A 100% natural solution to halting the catastrophic decline in Britain’s wildflower meadows that has seen more than 90% lost in the past 65 years is launched at London’s Landscape Show (September 23 & 24).


Q Lawns from Norfolk is one of the country’s top lawn-turf growers.  They have adapted their grassland knowledge to create two wildflower meadow turfs that are studded with up to 42 native British wild flowers.


Traditional Meadow Mat has 34 different wildflower species and Birds, Bees and Butterflies Meadow Mat has 42, including grasses and seed bearing flowers for the autumn feeding of birds.  Both can be used anywhere, from private gardens to estates and parkland and they comply with nationally recognised environmental impact assessments.
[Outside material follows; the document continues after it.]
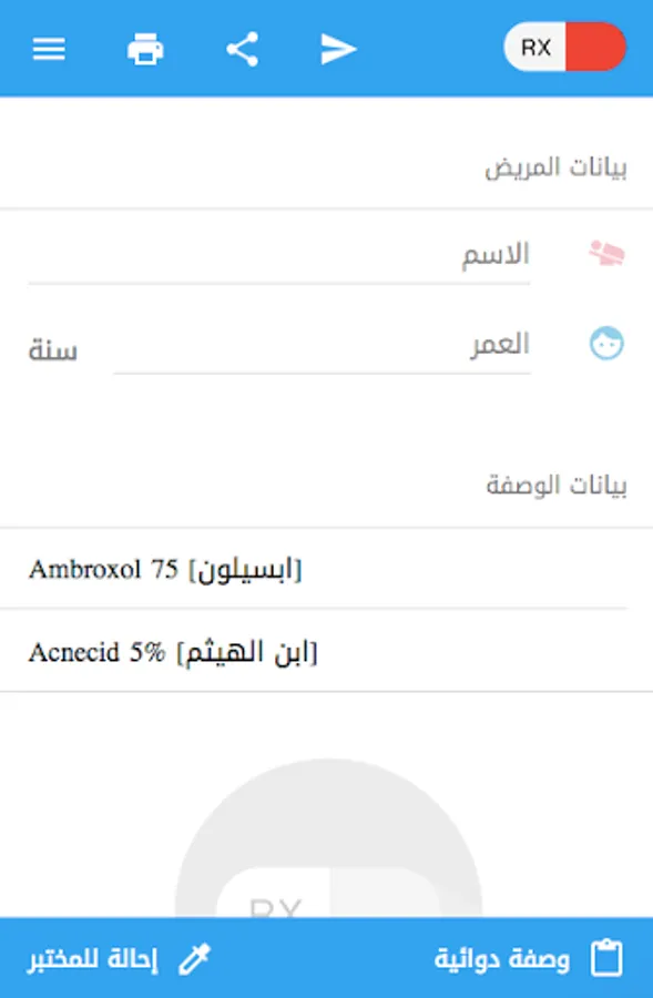 - The doctor can share and send the recipe through Watsab or Messenger to a doctor or someone else if needed.
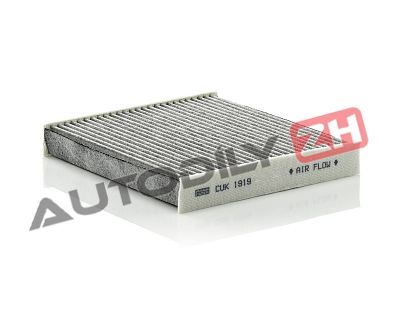 Naše kabinové filtry s označením CUK obsahují vrstvu aktivního uhlí. Kromě 95% účinnosti filtrace sazí, prachu a jiných částic dokáží díky této dodatečné vrstvě zachytit až 90 % plynů, které pronikají do vozidla ventilačním systémem. Mezi tyto plyny patří například škodlivé toxiny, jako je toluen, oxid dusičitý, ozon, oxid siřičitý a nepříjemné pachy.

To reinforce the message at The Landscape Show, Q Lawns has worked with butterfly breeder Angelina Hayden. She has created a special dome so that visitors can see 40 native British butterflies.  These have been specially selected by her to survive in the wild as they will all be released on the last day of the exhibition.


“The loss of more than 90% of our natural wildflower meadows is an environmental catastrophe,” says Q Lawns’ Angela Lambert.   “Meadow Mat means that anyone, including schools, can create an area that will benefit wild birds and insects including bees, butterflies and ladybirds.  It is a vibrant and natural contribution in the fight to save our natural environment.”
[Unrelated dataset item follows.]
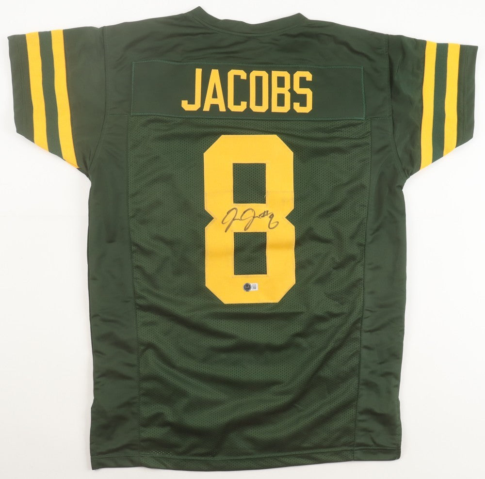 Custom on-field style jersey. Everything sewn on, size XL. Hand-signed by Josh Jacobs (Green Bay Packers).The autograph includes an official Beckett Authentication Services serially numbered hologram as well as an official Josh Jacobs player hologram and COA for authenticity purposes. The signing of this item was witnessed by Beckett.Authentication: Beckett Hologram & Jacobs COA

The traditional Meadow Mat flowers from May to July and the Birds, Bees and Butterflies variety continues on to the end of September.   The meadow flowers will bloom in the first summer of planting and the ideal time to lay the turf is either autumn or spring.
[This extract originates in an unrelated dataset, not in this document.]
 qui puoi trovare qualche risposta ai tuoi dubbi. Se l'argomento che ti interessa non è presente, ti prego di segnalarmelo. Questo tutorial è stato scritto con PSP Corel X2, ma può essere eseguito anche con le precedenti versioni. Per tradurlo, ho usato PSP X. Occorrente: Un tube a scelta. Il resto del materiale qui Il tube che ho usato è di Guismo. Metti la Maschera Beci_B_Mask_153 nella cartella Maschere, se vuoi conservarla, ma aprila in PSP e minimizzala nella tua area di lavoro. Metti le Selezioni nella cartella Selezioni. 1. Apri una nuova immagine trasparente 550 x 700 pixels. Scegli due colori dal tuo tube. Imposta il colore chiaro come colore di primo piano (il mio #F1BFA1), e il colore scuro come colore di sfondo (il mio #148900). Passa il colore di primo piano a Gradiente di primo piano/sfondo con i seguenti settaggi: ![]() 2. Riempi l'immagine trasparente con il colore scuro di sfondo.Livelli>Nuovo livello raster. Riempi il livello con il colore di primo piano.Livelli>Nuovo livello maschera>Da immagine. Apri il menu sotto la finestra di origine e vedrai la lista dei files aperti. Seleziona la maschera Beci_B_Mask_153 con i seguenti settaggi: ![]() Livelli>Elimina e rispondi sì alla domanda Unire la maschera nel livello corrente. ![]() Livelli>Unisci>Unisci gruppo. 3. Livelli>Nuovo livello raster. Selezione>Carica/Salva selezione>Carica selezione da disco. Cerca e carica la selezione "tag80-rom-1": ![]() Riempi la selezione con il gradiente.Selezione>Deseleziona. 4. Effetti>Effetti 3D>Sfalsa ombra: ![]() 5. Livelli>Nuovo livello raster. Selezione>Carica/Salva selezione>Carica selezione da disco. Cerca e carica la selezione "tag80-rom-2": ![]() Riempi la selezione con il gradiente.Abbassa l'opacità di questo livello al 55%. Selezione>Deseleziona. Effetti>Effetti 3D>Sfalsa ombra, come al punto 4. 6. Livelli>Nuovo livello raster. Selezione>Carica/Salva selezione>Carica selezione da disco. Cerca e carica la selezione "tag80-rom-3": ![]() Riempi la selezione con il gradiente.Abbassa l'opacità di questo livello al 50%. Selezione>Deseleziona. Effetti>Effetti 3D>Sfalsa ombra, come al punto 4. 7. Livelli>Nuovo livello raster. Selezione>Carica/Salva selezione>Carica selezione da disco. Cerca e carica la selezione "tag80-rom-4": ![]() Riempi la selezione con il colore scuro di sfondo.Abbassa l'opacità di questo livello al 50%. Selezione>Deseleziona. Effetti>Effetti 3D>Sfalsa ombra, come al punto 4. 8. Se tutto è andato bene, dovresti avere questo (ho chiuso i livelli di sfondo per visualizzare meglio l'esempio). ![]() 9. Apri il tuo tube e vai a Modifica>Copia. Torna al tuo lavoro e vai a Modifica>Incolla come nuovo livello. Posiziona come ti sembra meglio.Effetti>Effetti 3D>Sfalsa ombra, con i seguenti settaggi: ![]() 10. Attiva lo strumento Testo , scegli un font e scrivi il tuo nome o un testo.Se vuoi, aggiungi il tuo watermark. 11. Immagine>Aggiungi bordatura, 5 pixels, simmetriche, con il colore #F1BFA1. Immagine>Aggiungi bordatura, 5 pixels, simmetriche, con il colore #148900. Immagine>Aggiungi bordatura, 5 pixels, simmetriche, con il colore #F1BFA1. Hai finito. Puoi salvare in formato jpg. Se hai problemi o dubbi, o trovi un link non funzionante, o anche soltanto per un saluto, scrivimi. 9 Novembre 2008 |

“Wildflowers don’t need rich soil.  Any south or west facing area of grassland or garden that has not been enriched with fertilisers for at least five years will be ideal,” explains Angela.  “The object is not to encourage the meadow grasses to grow too strongly and swamp the flowers.   In most locations it will need mowing just once a year, once the flowers have seeded.  Do not leave the grass clippings on the turf as this will produce a nutrient feed that will encourage the grasses to grow.”


Q Lawns worked with the garden designer and horticulturalist Lisa Stubbs to select the native British wild flowers used in both versions.  All the turf and flowers are grown at the company’s farm in Norfolk.